▶ **WHAT IS REQUIRED**: Exactly and only the lines below from the one containing "Here's a chart" down to the one containing "001: DAC channel1" are wanted, both included; please exclude every picture.

(DATA SHOWN begins)

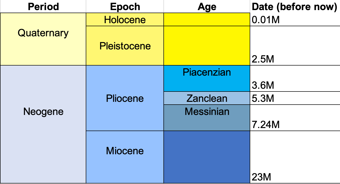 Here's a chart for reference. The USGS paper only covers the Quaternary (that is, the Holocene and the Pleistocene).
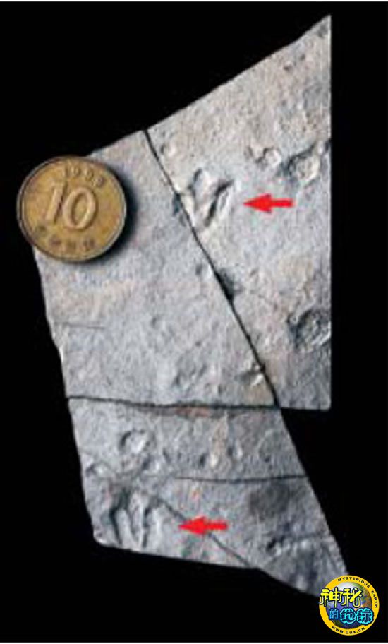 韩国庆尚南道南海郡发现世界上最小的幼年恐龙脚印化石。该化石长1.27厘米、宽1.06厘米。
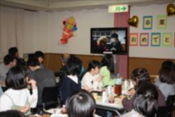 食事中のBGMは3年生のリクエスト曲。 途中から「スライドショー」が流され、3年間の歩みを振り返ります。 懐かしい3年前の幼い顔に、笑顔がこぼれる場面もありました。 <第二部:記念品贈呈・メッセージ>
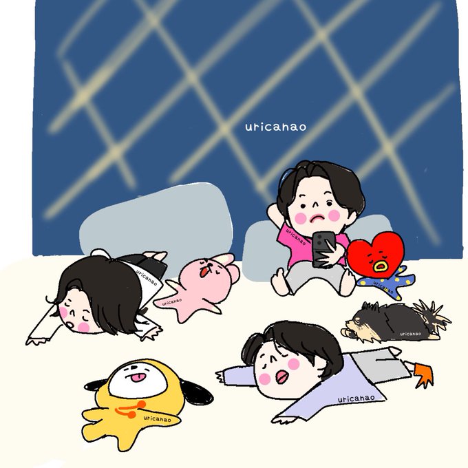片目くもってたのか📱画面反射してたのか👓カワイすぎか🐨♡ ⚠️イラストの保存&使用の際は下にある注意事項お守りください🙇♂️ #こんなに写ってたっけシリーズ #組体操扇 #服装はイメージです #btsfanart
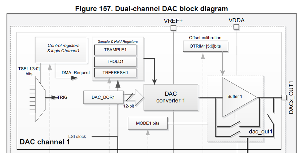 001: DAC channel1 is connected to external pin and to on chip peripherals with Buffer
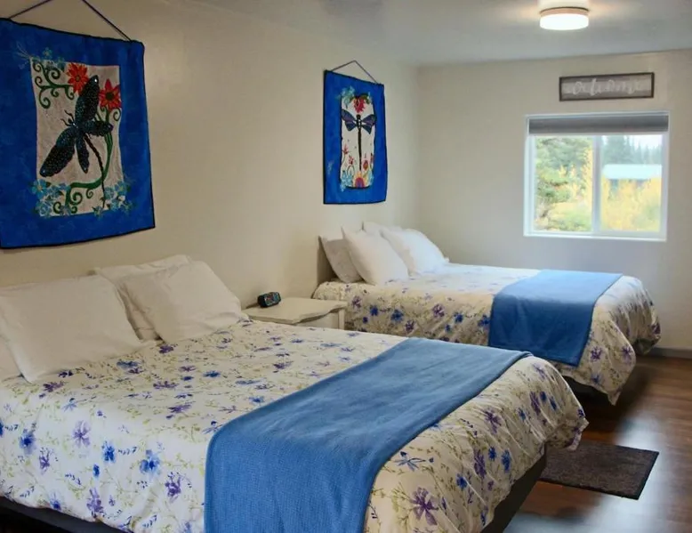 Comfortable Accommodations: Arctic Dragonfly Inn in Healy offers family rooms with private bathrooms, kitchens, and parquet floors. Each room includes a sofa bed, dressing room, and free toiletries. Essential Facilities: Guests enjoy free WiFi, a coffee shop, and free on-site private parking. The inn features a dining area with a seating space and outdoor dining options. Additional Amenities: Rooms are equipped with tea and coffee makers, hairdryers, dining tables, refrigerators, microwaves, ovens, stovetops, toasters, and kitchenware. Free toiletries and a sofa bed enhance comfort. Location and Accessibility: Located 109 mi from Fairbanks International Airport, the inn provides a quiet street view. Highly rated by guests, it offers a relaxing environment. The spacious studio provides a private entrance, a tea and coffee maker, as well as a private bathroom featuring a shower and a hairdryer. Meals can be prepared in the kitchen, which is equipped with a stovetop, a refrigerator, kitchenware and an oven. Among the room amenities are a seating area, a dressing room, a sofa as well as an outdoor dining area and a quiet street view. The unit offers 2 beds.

(DATA SHOWN ends)
(DATA SHOWN begins)

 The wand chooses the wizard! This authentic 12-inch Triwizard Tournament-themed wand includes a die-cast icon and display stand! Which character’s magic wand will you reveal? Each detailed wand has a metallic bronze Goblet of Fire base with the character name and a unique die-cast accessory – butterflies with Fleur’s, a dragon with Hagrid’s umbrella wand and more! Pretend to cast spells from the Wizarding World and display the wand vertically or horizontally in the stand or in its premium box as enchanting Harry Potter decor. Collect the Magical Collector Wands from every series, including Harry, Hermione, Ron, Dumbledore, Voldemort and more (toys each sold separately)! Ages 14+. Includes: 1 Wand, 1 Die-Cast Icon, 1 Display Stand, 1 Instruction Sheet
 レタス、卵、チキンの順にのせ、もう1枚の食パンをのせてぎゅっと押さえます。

(DATA SHOWN ends)

▶ **OUTPUT FOR THIS TASK**:
 Here's a chart for reference. The USGS paper only covers the Quaternary (that is, the Holocene and the Pleistocene).
 韩国庆尚南道南海郡发现世界上最小的幼年恐龙脚印化石。该化石长1.27厘米、宽1.06厘米。
 食事中のBGMは3年生のリクエスト曲。 途中から「スライドショー」が流され、3年間の歩みを振り返ります。 懐かしい3年前の幼い顔に、笑顔がこぼれる場面もありました。 <第二部:記念品贈呈・メッセージ>
片目くもってたのか📱画面反射してたのか👓カワイすぎか🐨♡ ⚠️イラストの保存&使用の際は下にある注意事項お守りください🙇♂️ #こんなに写ってたっけシリーズ #組体操扇 #服装はイメージです #btsfanart
 001: DAC channel1 is connected to external pin and to on chip peripherals with Buffer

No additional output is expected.